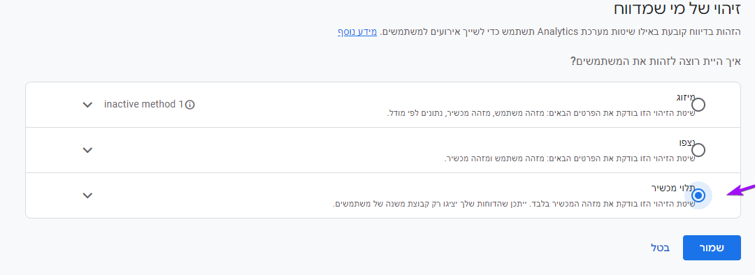 הגדרה נוספת שנגדיר בשדה בהגדרות האדמין - זיהוי של מי שמדווח
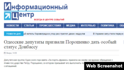 «Депутатская группа Одесского городского совета «За Порто-франко» обратилась к президенту Украины с призывом выполнить политическую часть Минских соглашений и предоставить отдельным районам Донецкой и Луганской областей особый статус».
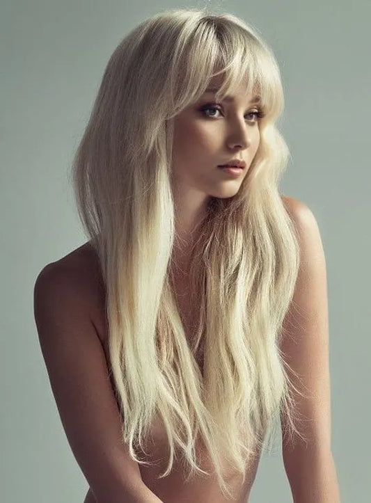 Women's Long Straight Hairstyles Blonde Color Synthetic Hair Capless Wigs With Bangs 24Inch

· · · ·

## TASK ITEM
With the pictures removed, output the listing above exactly.

## EXERCISE OUTPUT
 הגדרה נוספת שנגדיר בשדה בהגדרות האדמין - זיהוי של מי שמדווח
 «Депутатская группа Одесского городского совета «За Порто-франко» обратилась к президенту Украины с призывом выполнить политическую часть Минских соглашений и предоставить отдельным районам Донецкой и Луганской областей особый статус».
 Women's Long Straight Hairstyles Blonde Color Synthetic Hair Capless Wigs With Bangs 24Inch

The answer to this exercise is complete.